Required work:
Go to the line holding "um 1810, fein" in the data below and repeat it exactly, then each line after it up to and including the one holding "最近,洛杉磯真是不太平。不久". Omit pictures.

____ Information provided

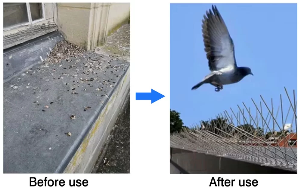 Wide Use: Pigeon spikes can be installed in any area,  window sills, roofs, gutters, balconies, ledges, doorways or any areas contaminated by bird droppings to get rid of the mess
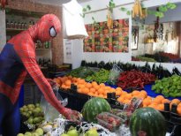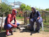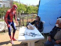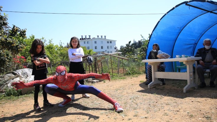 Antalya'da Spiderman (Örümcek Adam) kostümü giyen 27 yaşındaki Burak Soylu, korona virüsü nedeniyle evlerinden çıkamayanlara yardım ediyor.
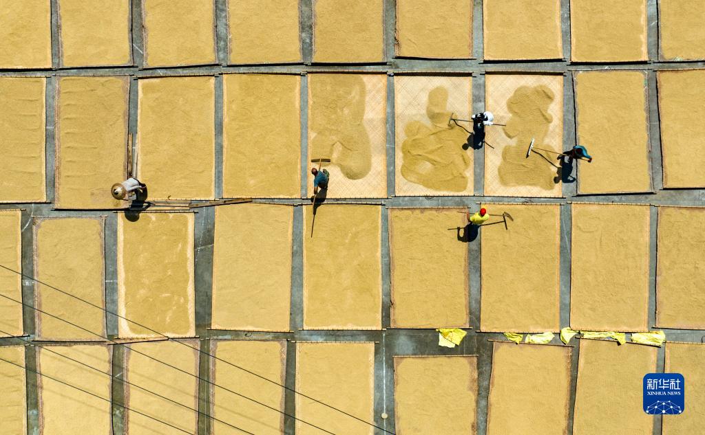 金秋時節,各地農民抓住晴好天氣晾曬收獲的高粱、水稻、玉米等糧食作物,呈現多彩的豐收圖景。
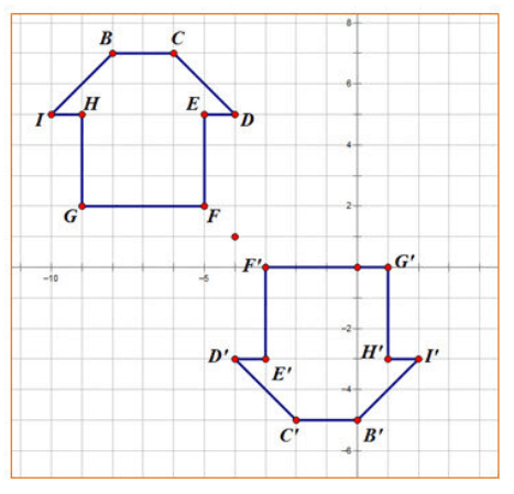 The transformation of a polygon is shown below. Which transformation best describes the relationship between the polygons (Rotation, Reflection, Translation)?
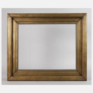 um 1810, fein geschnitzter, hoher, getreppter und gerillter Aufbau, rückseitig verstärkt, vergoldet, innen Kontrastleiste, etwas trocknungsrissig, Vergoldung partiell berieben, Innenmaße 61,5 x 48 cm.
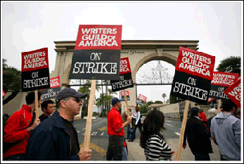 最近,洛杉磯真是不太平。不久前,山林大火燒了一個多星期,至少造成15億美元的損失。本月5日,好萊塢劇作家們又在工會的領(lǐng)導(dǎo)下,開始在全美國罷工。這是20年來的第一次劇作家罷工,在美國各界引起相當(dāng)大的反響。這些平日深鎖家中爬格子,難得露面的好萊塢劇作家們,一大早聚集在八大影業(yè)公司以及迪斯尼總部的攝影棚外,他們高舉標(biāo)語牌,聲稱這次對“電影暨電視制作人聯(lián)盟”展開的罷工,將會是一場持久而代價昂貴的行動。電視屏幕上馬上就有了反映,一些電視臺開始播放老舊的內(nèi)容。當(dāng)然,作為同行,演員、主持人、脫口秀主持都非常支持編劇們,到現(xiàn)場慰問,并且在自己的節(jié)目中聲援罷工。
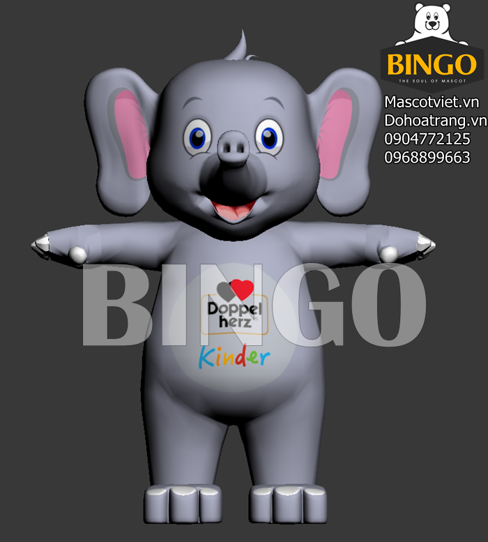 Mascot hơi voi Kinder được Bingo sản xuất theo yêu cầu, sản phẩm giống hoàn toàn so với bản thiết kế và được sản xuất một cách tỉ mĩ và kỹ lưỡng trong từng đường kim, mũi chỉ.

________

Exercise solution:
 um 1810, fein geschnitzter, hoher, getreppter und gerillter Aufbau, rückseitig verstärkt, vergoldet, innen Kontrastleiste, etwas trocknungsrissig, Vergoldung partiell berieben, Innenmaße 61,5 x 48 cm.
 最近,洛杉磯真是不太平。不久前,山林大火燒了一個多星期,至少造成15億美元的損失。本月5日,好萊塢劇作家們又在工會的領(lǐng)導(dǎo)下,開始在全美國罷工。這是20年來的第一次劇作家罷工,在美國各界引起相當(dāng)大的反響。這些平日深鎖家中爬格子,難得露面的好萊塢劇作家們,一大早聚集在八大影業(yè)公司以及迪斯尼總部的攝影棚外,他們高舉標(biāo)語牌,聲稱這次對“電影暨電視制作人聯(lián)盟”展開的罷工,將會是一場持久而代價昂貴的行動。電視屏幕上馬上就有了反映,一些電視臺開始播放老舊的內(nèi)容。當(dāng)然,作為同行,演員、主持人、脫口秀主持都非常支持編劇們,到現(xiàn)場慰問,并且在自己的節(jié)目中聲援罷工。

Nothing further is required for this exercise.